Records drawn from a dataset

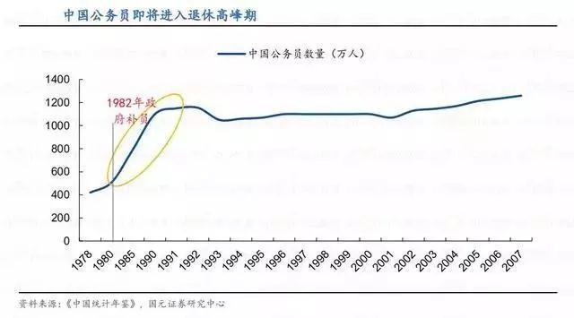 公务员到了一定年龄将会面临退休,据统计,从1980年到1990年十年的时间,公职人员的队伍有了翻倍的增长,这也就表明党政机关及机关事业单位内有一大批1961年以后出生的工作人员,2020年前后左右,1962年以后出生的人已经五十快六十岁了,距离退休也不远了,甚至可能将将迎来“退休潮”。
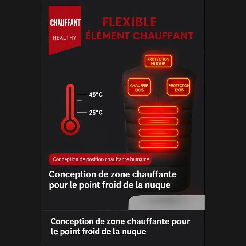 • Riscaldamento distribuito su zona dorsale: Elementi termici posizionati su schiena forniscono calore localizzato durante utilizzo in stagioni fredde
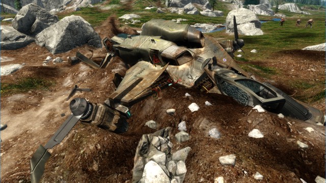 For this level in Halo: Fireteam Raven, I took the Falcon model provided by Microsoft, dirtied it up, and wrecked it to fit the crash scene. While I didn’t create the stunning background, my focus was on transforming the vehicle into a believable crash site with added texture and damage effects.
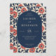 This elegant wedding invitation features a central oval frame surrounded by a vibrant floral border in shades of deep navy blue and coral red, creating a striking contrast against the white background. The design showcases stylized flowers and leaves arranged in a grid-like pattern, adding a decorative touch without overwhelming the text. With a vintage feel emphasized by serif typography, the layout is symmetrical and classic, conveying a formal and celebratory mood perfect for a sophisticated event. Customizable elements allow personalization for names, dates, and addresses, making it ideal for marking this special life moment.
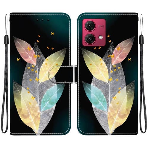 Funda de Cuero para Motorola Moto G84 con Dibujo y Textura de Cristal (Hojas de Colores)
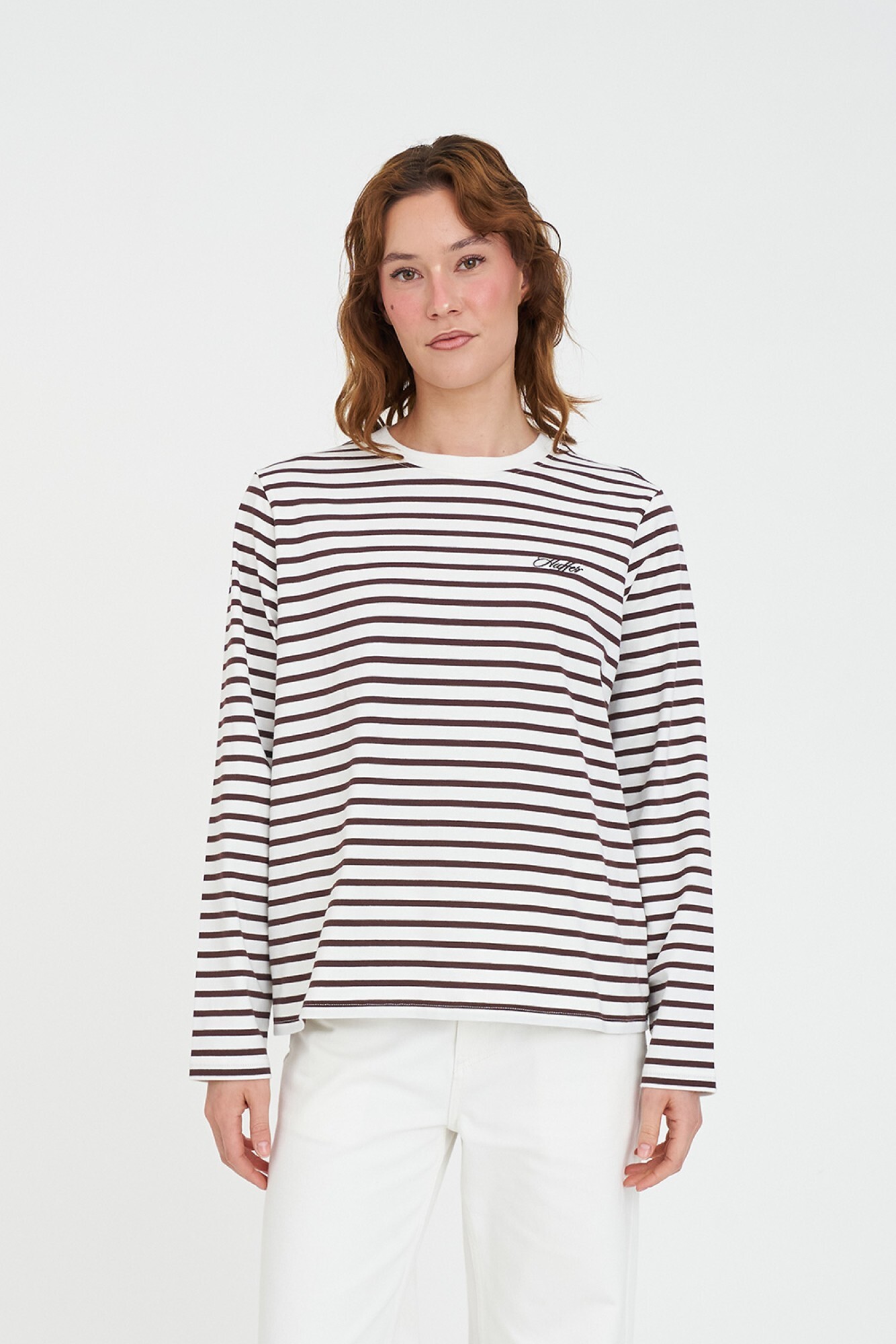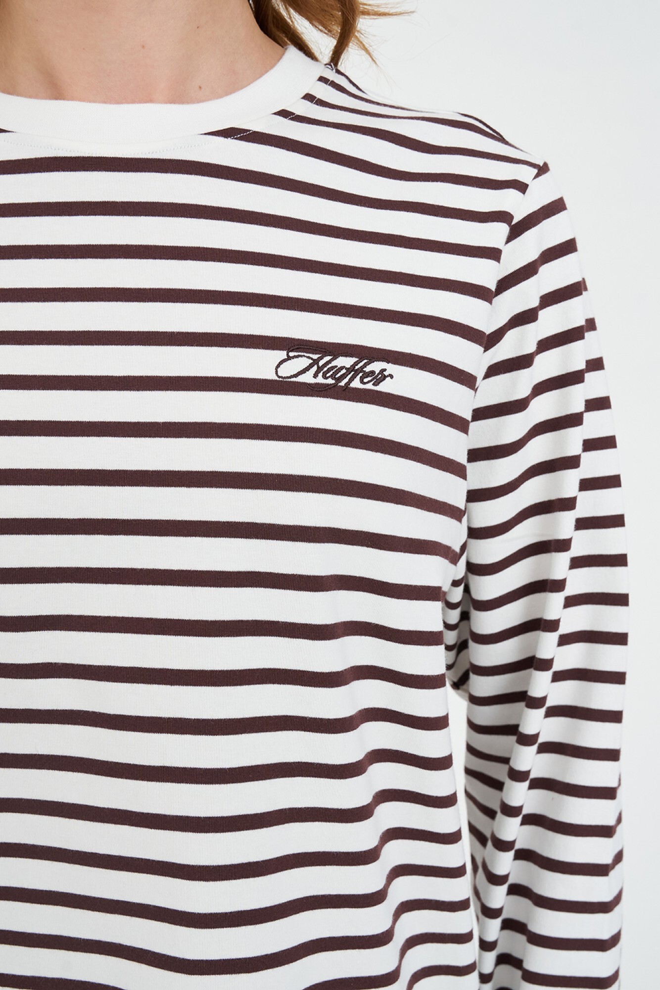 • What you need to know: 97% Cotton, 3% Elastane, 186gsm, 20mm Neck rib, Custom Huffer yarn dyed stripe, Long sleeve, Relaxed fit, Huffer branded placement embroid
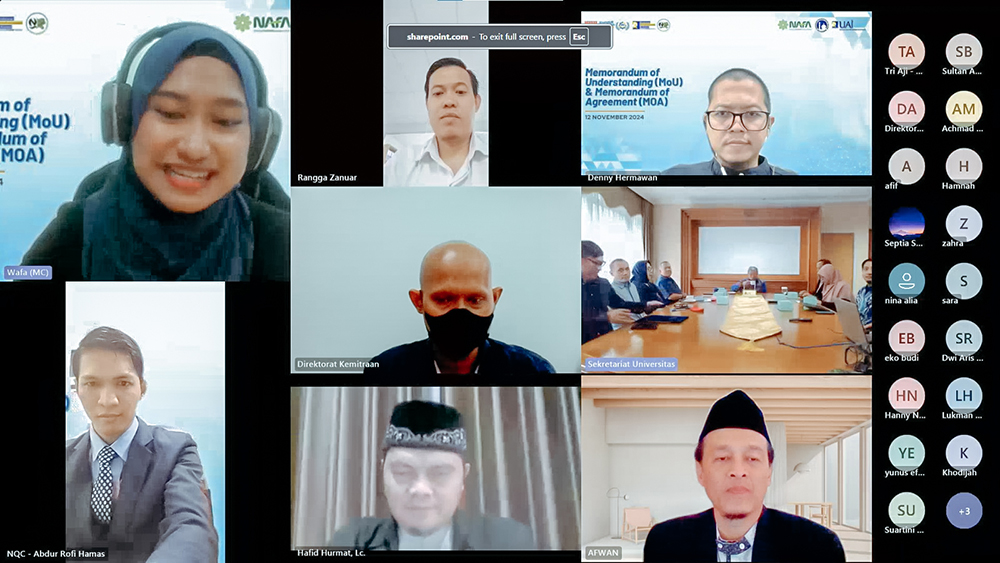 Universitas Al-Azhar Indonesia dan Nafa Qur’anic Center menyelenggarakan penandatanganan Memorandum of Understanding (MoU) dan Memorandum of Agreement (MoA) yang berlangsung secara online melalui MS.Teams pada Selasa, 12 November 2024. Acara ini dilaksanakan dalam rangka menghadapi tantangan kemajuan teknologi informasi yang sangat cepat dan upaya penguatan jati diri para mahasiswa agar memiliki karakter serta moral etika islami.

### WORK ORDER
Pictures are to be left out while the lines from the beginning of the records through the line with "in stagioni fredde" are copied word for word.

### EXERCISE SOLUTION
 公务员到了一定年龄将会面临退休,据统计,从1980年到1990年十年的时间,公职人员的队伍有了翻倍的增长,这也就表明党政机关及机关事业单位内有一大批1961年以后出生的工作人员,2020年前后左右,1962年以后出生的人已经五十快六十岁了,距离退休也不远了,甚至可能将将迎来“退休潮”。
 • Riscaldamento distribuito su zona dorsale: Elementi termici posizionati su schiena forniscono calore localizzato durante utilizzo in stagioni fredde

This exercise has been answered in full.